Your assignment: Give again, exactly as written, the lines of the records below from the line with "Revues de Presse" to the line with "然后广告链接到Indago网". Both end lines count; pictures do not.

(Information provided Opens)

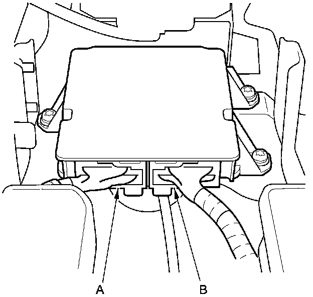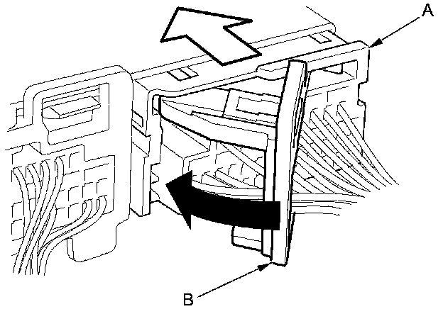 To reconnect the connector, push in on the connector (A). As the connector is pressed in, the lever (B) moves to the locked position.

(Information provided Closes)
(Information provided Opens)

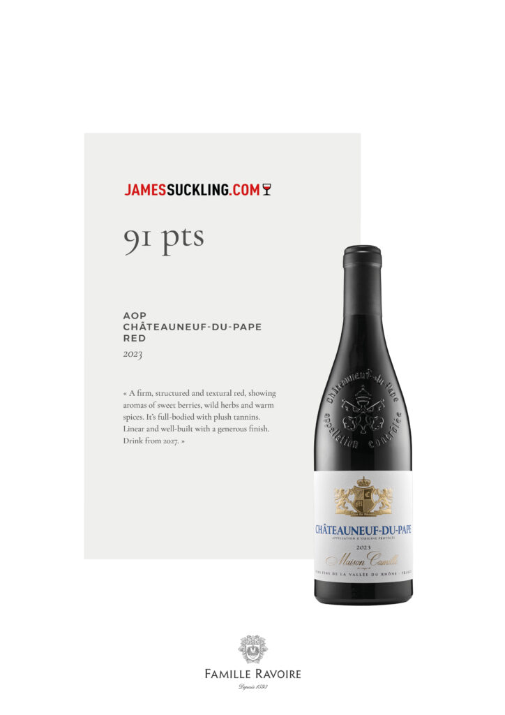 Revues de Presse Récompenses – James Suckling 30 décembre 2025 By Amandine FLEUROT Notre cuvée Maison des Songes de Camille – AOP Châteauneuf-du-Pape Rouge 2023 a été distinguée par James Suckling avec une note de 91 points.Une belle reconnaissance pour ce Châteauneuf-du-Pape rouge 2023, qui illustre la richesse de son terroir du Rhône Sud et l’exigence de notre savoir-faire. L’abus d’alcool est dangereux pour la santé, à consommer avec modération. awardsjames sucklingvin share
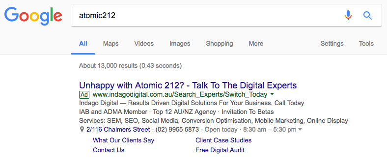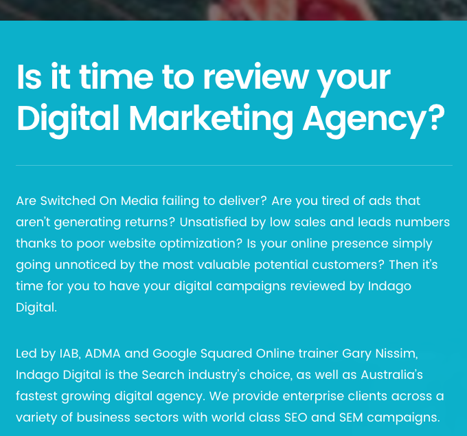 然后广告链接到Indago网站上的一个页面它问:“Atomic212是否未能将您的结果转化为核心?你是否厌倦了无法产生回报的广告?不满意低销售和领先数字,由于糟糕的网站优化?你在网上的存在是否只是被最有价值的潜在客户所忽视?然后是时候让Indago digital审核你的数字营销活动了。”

(Information provided Closes)
(Information provided Opens)

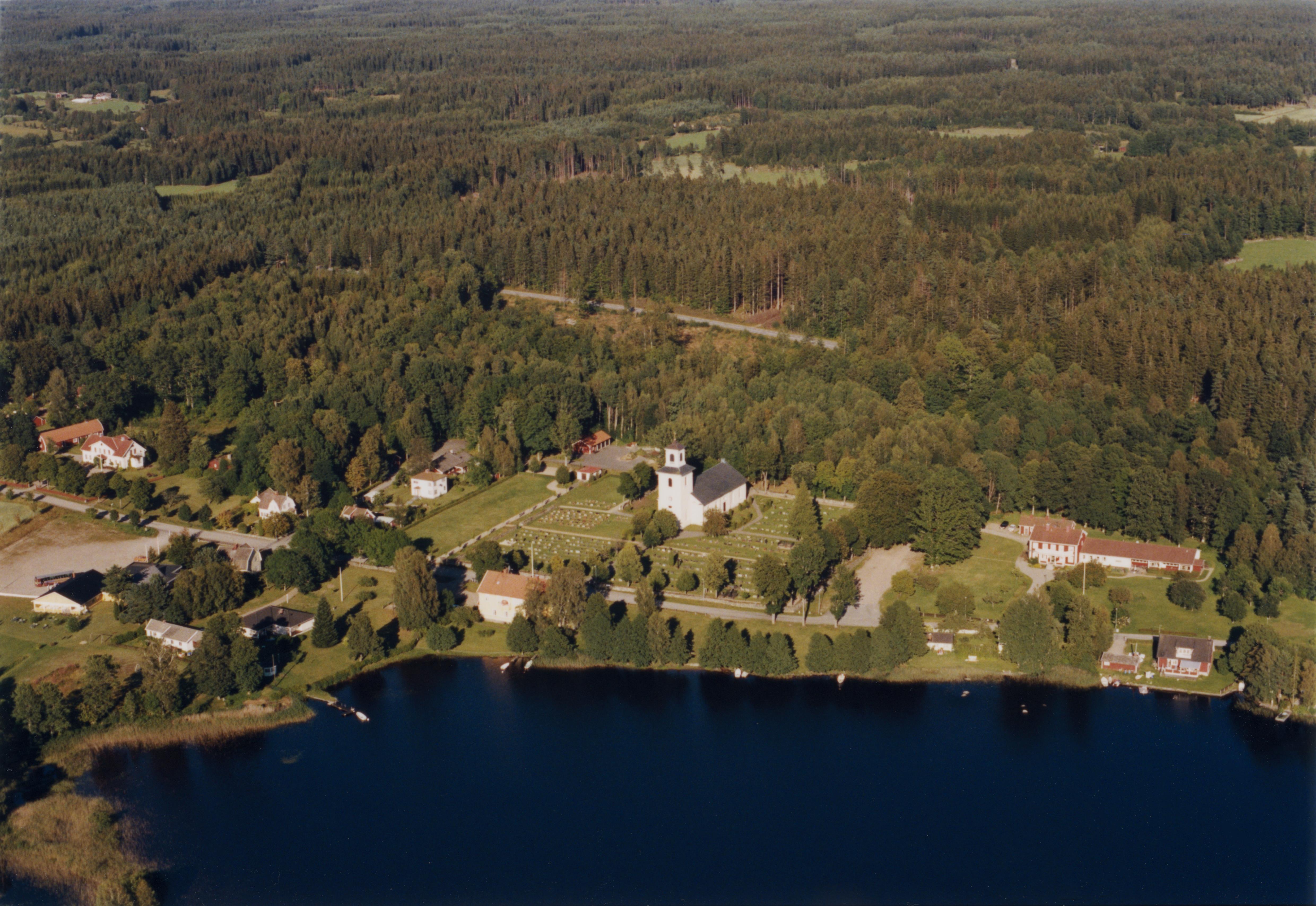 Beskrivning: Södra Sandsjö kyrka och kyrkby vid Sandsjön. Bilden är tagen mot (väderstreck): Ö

(Information provided Closes)

Output for this exercise:
 Revues de Presse Récompenses – James Suckling 30 décembre 2025 By Amandine FLEUROT Notre cuvée Maison des Songes de Camille – AOP Châteauneuf-du-Pape Rouge 2023 a été distinguée par James Suckling avec une note de 91 points.Une belle reconnaissance pour ce Châteauneuf-du-Pape rouge 2023, qui illustre la richesse de son terroir du Rhône Sud et l’exigence de notre savoir-faire. L’abus d’alcool est dangereux pour la santé, à consommer avec modération. awardsjames sucklingvin share
 然后广告链接到Indago网站上的一个页面它问:“Atomic212是否未能将您的结果转化为核心?你是否厌倦了无法产生回报的广告?不满意低销售和领先数字,由于糟糕的网站优化?你在网上的存在是否只是被最有价值的潜在客户所忽视?然后是时候让Indago digital审核你的数字营销活动了。”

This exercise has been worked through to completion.